Dataset extract:
= Beginning of Section =

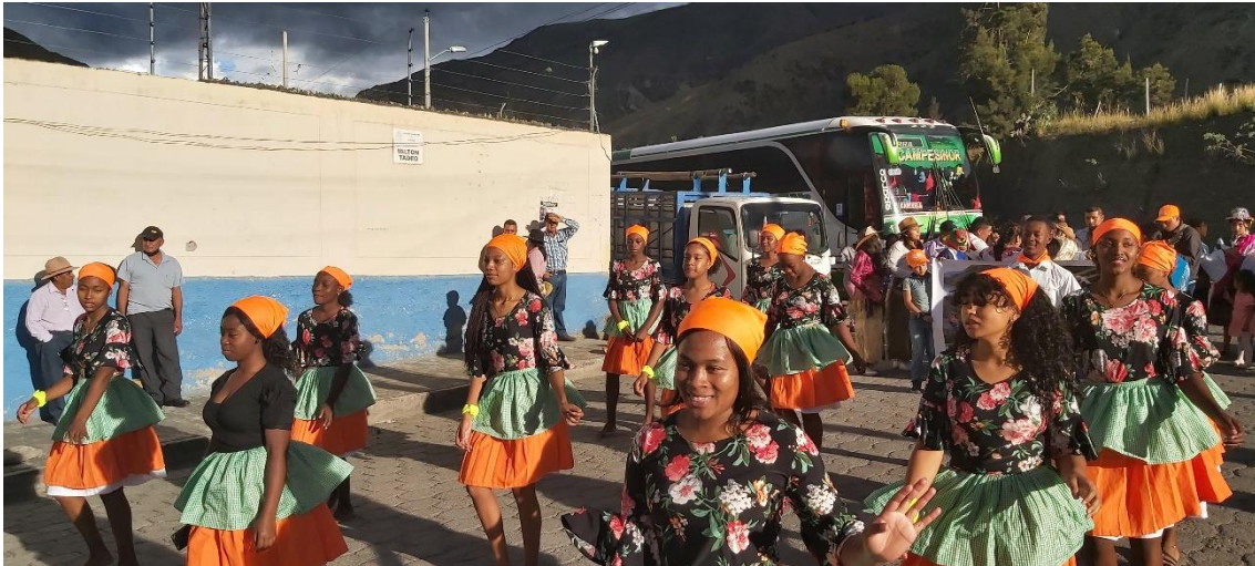
Figura 16. 16Agrupación Afro Illescas 16

El traje de los hombres, por lo general, siempre ha sido un pantalón negro, camisa blanca, tirantes, sombrero, allí también ellos escondían sus secretos, esa vestimenta simbolizaba el trabajo, el esfuerzo y la pasión con la que ellos hacían en sus actividades diarias, definitivamente entregaban su vida en ello y también mantuvieron en el traje los secretos para mostrar hoy que significaba libertad, trabajo, construcción y aporte al país; las iglesias, carreteras, ferrocarriles, lo cual hoy gozamos y nos debemos sentir orgullosos al usarlo, demostrar que ese traje fue parte de nuestra liberación y revitalizarla generación tras generación. A veces, se ponían pantalón blanco, camisa blanca, sombrero negro o blanco entero, usaban también pañuelos para amarrarse en la cabeza con distintos nudos, mismo que significaban el secreto que tenían, de cuándo van a huir. Por cierto, casi nunca usaban zapatos, eh allí el bailar descalzos las agrupaciones hoy en día.
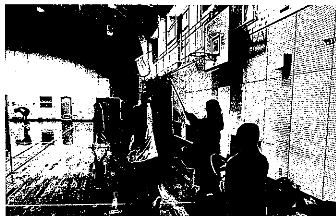
バドミントンスクール

= End of Section =

Assignment:
Copy the listing over exactly, skipping the pictures it holds.

Solution for this exercise:
Figura 16. 16Agrupación Afro Illescas 16

El traje de los hombres, por lo general, siempre ha sido un pantalón negro, camisa blanca, tirantes, sombrero, allí también ellos escondían sus secretos, esa vestimenta simbolizaba el trabajo, el esfuerzo y la pasión con la que ellos hacían en sus actividades diarias, definitivamente entregaban su vida en ello y también mantuvieron en el traje los secretos para mostrar hoy que significaba libertad, trabajo, construcción y aporte al país; las iglesias, carreteras, ferrocarriles, lo cual hoy gozamos y nos debemos sentir orgullosos al usarlo, demostrar que ese traje fue parte de nuestra liberación y revitalizarla generación tras generación. A veces, se ponían pantalón blanco, camisa blanca, sombrero negro o blanco entero, usaban también pañuelos para amarrarse en la cabeza con distintos nudos, mismo que significaban el secreto que tenían, de cuándo van a huir. Por cierto, casi nunca usaban zapatos, eh allí el bailar descalzos las agrupaciones hoy en día.
バドミントンスクール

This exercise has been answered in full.